Love and Grooming 3
By Lou Blodgett
- 288 reads
There were quite a few items stacked next to the computer station on my desk. A pack of dried octopus that had been placed on the shelf the day the store opened, and found later behind some cans of Starkist. Someone had tried to buy it, but wasn’t allowed, since the product had been discontinued three years before. Shrek Macaroni and Cheese that had been found in a space between shelves five years ago, and had to have fallen there sometime before the turn of the century. And a box of Oateeos that had two tickets to a showing of ‘The Blair Witch Project’ inside. No one had bought it, because no one had the guts to open the package. I placed the nosehair trimmer on top of the pile, and Clarissa and I stood there looking at it.
“So now it just sits there, gathering dust.” Clarissa said.
“A place of honor,” I told her. “Some things eventually find their resting place. It’s something that one learns, eventually.”
Then, there was a beep. The nosehair trimmer inside the plastic package had awakened, and a spot on the control display began to blink a dark blue. Clarissa stepped towards the desk, her hand reaching back and forth with indecision. Then she snatched it up. She turned to me, and the trimmer beeped again.
“Yah! It changed.”
“Of course it did,” I told her. “It’s alive.”
“No. No…” she said. She gave me an ‘observe’ nod, and slowly turned the pack. It beeped again, and, this time, I saw the display change. Clarissa pointed toward a corner of the stock room.
“It points that way.”
She turned the pack again. It beeped twice, and began blinking from the top of the display. Clarissa took a step to the side, placing herself behind the trimmer. She tucked the pack to her stomach and began to walk slowly, with an excited, sheepish look to me.
We wove around some freshly delivered pallets toward the janitor room. I had a feeling that it wouldn’t be the final destination. At the entrance of the janitor room, adjacent to the refrigerated room, the trimmer went nuts- blinking and beeping- and Clarissa followed its every command. At the base of steel stairs running up to the boiler room, the trimmer gave off two beeps and the center, the on/off switch part of the display, began to blink. Clarissa nodded to me, and I followed her up the stairs. The trimmer stopped blinking from the center, and started to blink from the side of the display again.
I’d never been to the upper level of the warehouse in the Sooper Dooper before, because I’d never had a reason to be there. At the top of those dirty steel stairs was the HVAC control room. It was clearly marked with signs saying that access was limited to authorized personnel only. There was plenty of red, yellow and orange markings, along with one sign with the international logo of a stick figure freshly maimed and shocked, blood spurting and lightning bolts in proliferation. Clarissa paused, jutted her head toward the door, and the display, and then turned and grimaced to me. I shrugged. She tried the handle of the door and it gave. We went in.

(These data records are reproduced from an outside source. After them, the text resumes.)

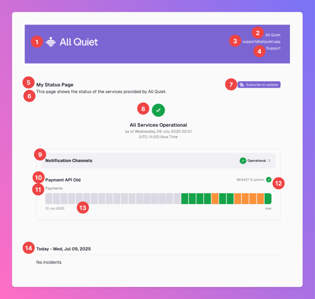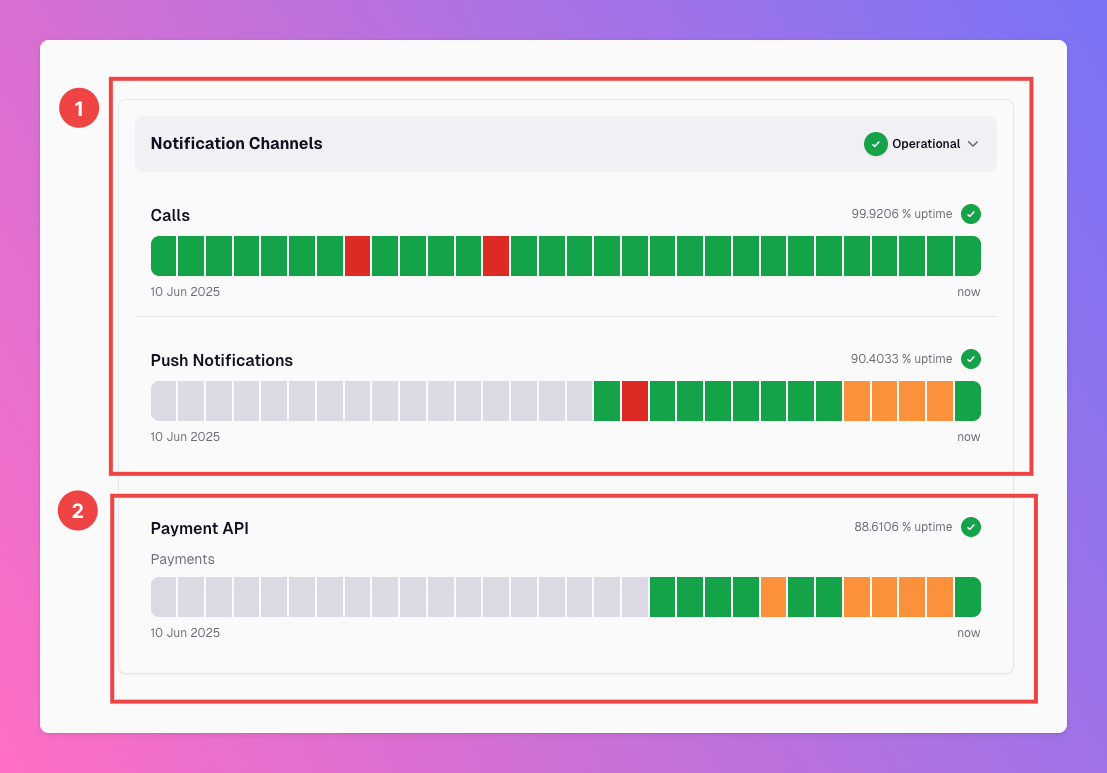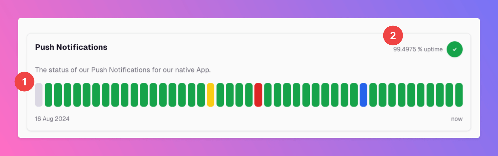 - The historic uptime of the status. If there’s no historic data, the chart elements are coloured grey.
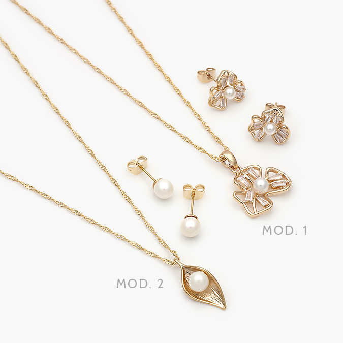 M-1: Cadena: 44 cm. + 5 cm. Dije: 19 mm. altura. Aretes: 12 mm. altura.
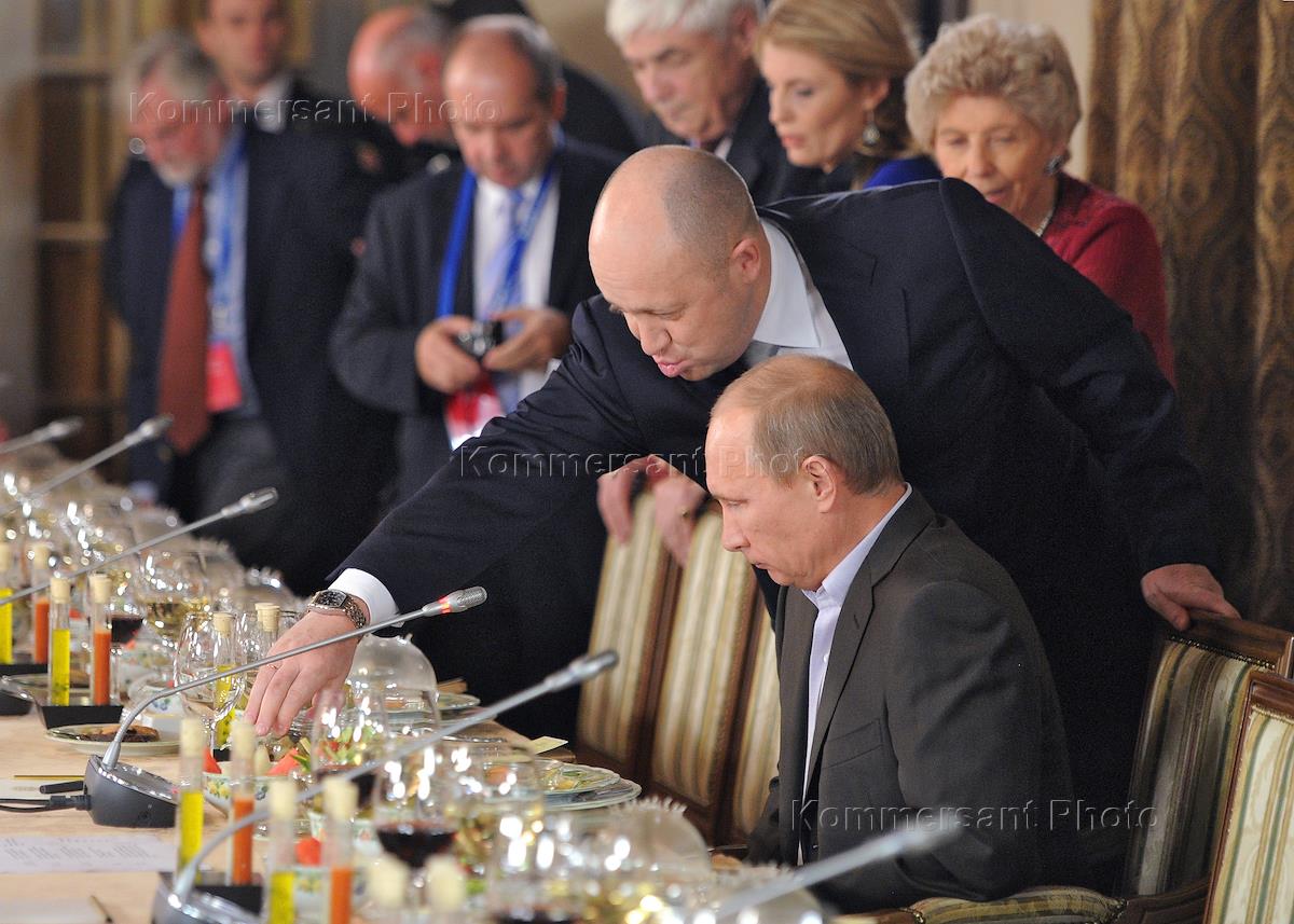 Russian Prime Minister Vladimir Putin (left) and Concord director Yevgeny Prigozhin (right) during a meeting with members of the Valdai International Discussion Club.
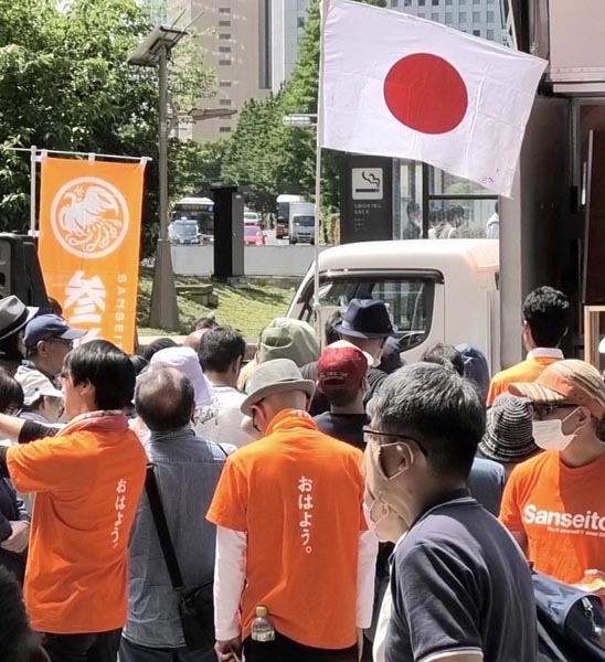 「日の丸」を掲げ保守をアピール(C)日刊ゲンダイ
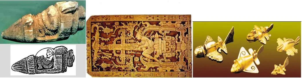 III. В пирамиде Мексики найдено захоронение с изображением на плите человека, сидящего за пультом управления аппарата. Самолётики из храма Чечен-Ица. VI в.
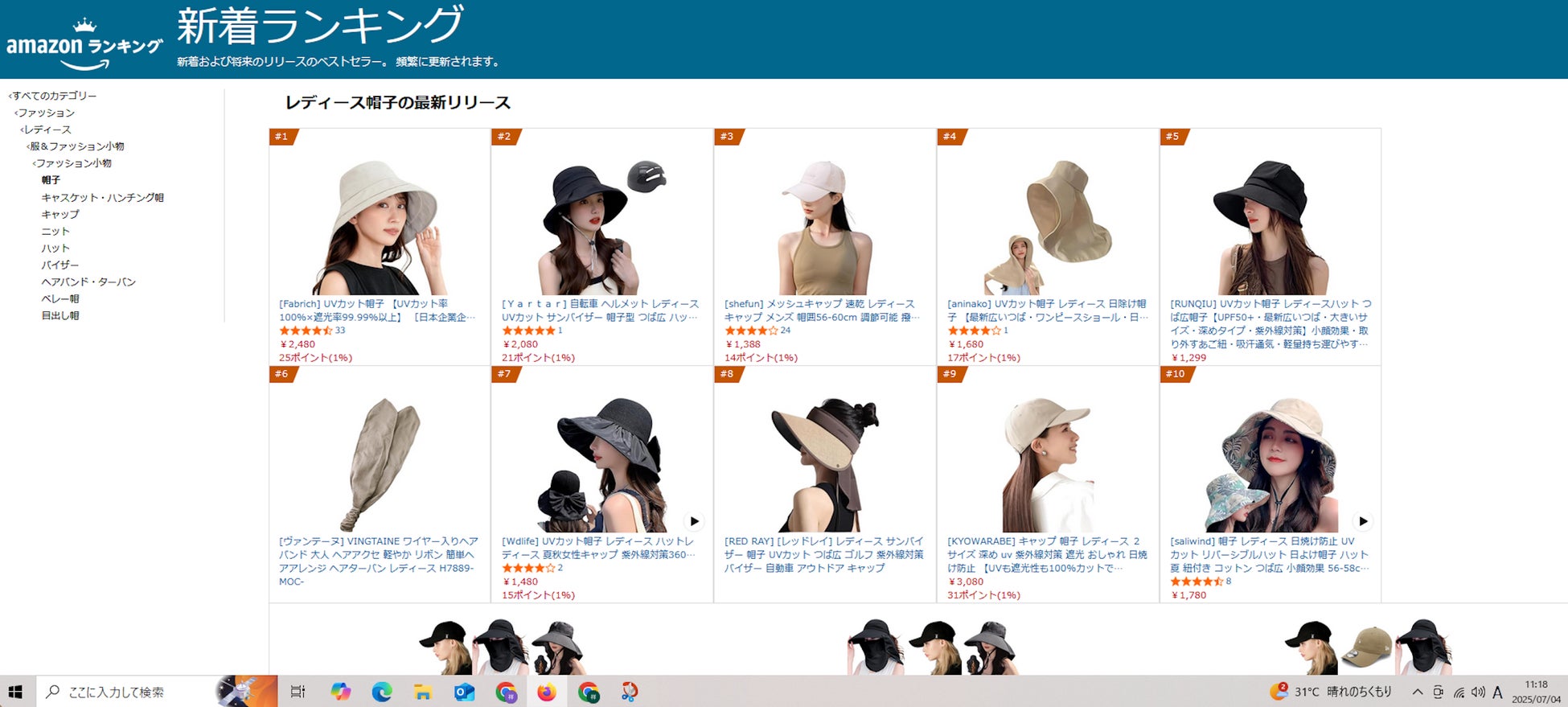本商品は発売から1ヶ月でAmazon新着ランキングレディース帽子部門で1位を獲得いたしました(2025年7月4日時点)。

We didn’t say much as we entered the room, which was good, because we wouldn’t have heard much of what the other was saying, there was such a guttural, sparking hum. In that dimly lit, small room there was just a set of control panels, with several access doors with handles, displays and dials. And it was dusty. Not home-dusty, but dusty with a sort of dust that you contact the class-action lawyer group about decades later. In one corner there was what could be found in several places downstairs. One of those mysterious steel rectangles, some sort of machine in itself, glowing orange down the middle. Clarissa paused, then turned slowly toward it. We both kept an eye on the trimmer/direction finder. What with the loud, dangerous hum all about, I could barely hear what the trimmer did at that point, but the entire display blinked twice, and it gave off a series of beeps. She stopped and turned.
“THIS IS IT.” Clarissa half-shouted, pointing to the panel of mystery. “THIS IS WHERE IT WANTS US TO BE.”
“HOW DO YOU KNOW?”
She answered only with a condescending look.

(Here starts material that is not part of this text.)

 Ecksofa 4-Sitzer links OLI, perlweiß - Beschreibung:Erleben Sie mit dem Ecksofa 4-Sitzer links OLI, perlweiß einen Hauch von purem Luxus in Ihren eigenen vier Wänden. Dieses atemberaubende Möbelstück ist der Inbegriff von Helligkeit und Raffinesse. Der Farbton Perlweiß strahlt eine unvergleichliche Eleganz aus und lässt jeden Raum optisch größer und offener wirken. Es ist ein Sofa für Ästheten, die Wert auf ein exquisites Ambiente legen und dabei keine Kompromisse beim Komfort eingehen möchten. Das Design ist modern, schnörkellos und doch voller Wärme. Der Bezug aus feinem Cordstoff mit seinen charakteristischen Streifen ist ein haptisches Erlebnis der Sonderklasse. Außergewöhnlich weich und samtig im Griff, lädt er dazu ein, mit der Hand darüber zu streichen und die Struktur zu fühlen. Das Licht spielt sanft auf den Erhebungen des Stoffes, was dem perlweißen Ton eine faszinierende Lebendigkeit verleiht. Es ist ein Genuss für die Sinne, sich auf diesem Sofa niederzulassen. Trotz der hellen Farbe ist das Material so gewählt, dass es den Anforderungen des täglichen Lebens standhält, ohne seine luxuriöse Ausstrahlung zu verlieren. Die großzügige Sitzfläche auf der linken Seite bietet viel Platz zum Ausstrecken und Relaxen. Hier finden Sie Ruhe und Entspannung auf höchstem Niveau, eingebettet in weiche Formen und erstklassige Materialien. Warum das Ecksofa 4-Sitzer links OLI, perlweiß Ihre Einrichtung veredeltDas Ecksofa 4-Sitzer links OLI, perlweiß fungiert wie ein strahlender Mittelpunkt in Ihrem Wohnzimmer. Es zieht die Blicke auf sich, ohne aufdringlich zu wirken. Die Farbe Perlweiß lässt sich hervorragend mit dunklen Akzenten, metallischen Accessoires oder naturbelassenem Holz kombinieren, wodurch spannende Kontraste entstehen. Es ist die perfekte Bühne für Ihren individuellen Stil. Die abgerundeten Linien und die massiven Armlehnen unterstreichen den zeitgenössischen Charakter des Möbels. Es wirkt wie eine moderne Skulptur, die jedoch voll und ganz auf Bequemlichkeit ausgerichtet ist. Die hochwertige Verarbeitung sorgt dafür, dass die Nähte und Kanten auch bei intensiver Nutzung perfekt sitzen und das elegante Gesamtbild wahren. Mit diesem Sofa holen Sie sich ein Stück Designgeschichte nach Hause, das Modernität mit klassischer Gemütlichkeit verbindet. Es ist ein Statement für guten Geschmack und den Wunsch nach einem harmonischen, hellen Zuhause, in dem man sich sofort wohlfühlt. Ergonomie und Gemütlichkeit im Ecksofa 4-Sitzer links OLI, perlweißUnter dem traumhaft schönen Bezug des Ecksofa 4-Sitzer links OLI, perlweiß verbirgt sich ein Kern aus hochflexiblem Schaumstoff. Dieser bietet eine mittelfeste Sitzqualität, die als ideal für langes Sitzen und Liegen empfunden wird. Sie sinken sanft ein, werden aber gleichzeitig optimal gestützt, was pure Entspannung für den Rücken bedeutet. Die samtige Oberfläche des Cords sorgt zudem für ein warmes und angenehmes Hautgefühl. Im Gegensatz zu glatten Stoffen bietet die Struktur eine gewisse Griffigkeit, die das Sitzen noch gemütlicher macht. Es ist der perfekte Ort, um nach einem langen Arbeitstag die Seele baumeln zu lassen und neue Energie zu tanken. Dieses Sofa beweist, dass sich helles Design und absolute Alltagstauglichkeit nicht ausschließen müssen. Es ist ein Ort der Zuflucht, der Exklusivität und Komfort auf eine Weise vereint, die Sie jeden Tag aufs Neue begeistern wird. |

“I DON’T UNDERSTAND HOW YOU GET THAT,” I told her.
“THAT’S BECAUSE YOU’RE A BOOMER.”
How dare she.
“AND PROUD OF IT,” I said. “THE BEATLES RULE.”
Again, she gave me a chiding look.
“WE DON’T HAVE TIME TO GET INTO THAT RIGHT NOW.” She paused, and cleared her throat. Having to talk real loud in a dusty room was bringing some wear and tear to my throat also. “YOU PROBABLY JUST REMEMBER WHEN PRINTED CIRCUITS CAME OUT, BUT MEANWHILE, I WAS IMPRINTING ON THEM.” Clarissa paused and cough-cleared her throat. “IT WAS LIKE I COULD GET INTO THOSE CALCULATORS AND THOSE HAND-HELD GAMES. THE BLINKING LIGHTS AND BUZZERS- THOSE SIMPLE DISPLAYS- SPOKE TO ME.”

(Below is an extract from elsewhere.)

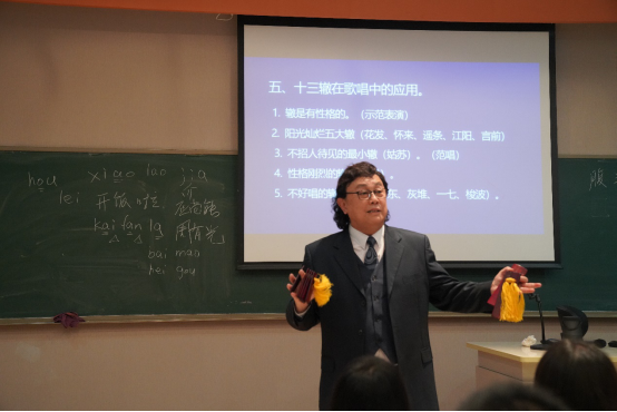 本次讲座题为《以字行腔》讲唱会-论歌唱语言和自然语言,以半演唱会半讲座的形式进行了精彩的演讲。将语言学学术讲座和音乐体验结合,以十三辙十八韵在声乐艺术中的运用为线索,介绍戏曲、曲艺等声乐形式中语言学知识的作用。冯宝宏教授利用歌唱技巧,现场歌唱演示对语言知识进行了讲解,将语言知识诠释的淋漓尽致。讲座过程中,冯宝宏教授进行了一段生动有趣的快板表演,现场师生无不沉浸在教授的精彩演讲中。
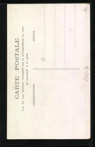 Personenbezogene Daten auf der Rückseite der Karte wurden durch blauen Textmarker unkenntlich gemacht. Die blauen Stellen sind auf die Vorderseite durchgeweicht und wirken sich negativ auf das Postkartenfoto aus

She looked to the trimmer, then turned it, in its package, to face me.
“AND THIS GUY’S TELLING ME THAT’S THE PLACE.”
She pointed to the corner with her other hand, which held the Munchins pack.
We both paused and cleared our throats. Clarissa stepped forward to investigate the glowing panel, and I followed her out of solidarity. The panel disappeared, and a door appeared in its place. Or so it seemed at first. As I realized what had really happened, Clarissa tottered and put a hand against the wall beside her. I reached for her, and she shook her head at me; what I was about to do was totally unnecessary. The panel had spun us around. I could see its orange glow on the door before us, and I got a bit dizzy at that point, too. We turned, looked at the panel, then Clarissa turned to me. She jerked her head toward the door, gave me a quick confiding wink, and we both got the hell out of there.
We walked onto the steel landing above the warehouse, and what I saw nauseated me. Clarissa went down a step and paused. I raised a hand and told her,
“It’s Tuesday.”
Clarissa didn’t know why I was talking dates, but had to clear some things up.
“It’s Thurs-day.”
“No! Remember all those pallets? They’re gone.”
We both checked our phones, but they weren’t connecting. That indicated little, though. Clarissa knew she was grasping for straws, standing there on the first step down, with her next statement.
“They could be out on the floor.”
“Not at 10 am.”
We both crept on the outside of the stairwell on our way down, as if what was missing- the empty space where the pallets were- was a threat. After what had happened to us in the boiler room. Which we still didn’t know what. Things were quieter at the base of the stairs.
“Let’s check the floor.”
I followed her out into the shop.
It was nearly empty, at mid-morning, and Clarissa and I quickly gravitated to where we’d first met, in pets, near health and beauty. There, we bumped into Peato, who was beside a worker sprucing up a display of paper towels. Peato spied the trimmer in Clarissa’s hands, and I thought we were in for a reading of the riot act, but, instead, he said:
“Taking advantage of our one-day sale?”
I looked close at Peato. And what I could see was nothing. No recognition, no echo of our squabble in his office fifteen minutes earlier. Then he spied the Munchin packet next to the trimmer in Clarissa’s hands.
“Hey,” he said. “Those have been recalled! I thought we got all those off the floor. I’ll have to…”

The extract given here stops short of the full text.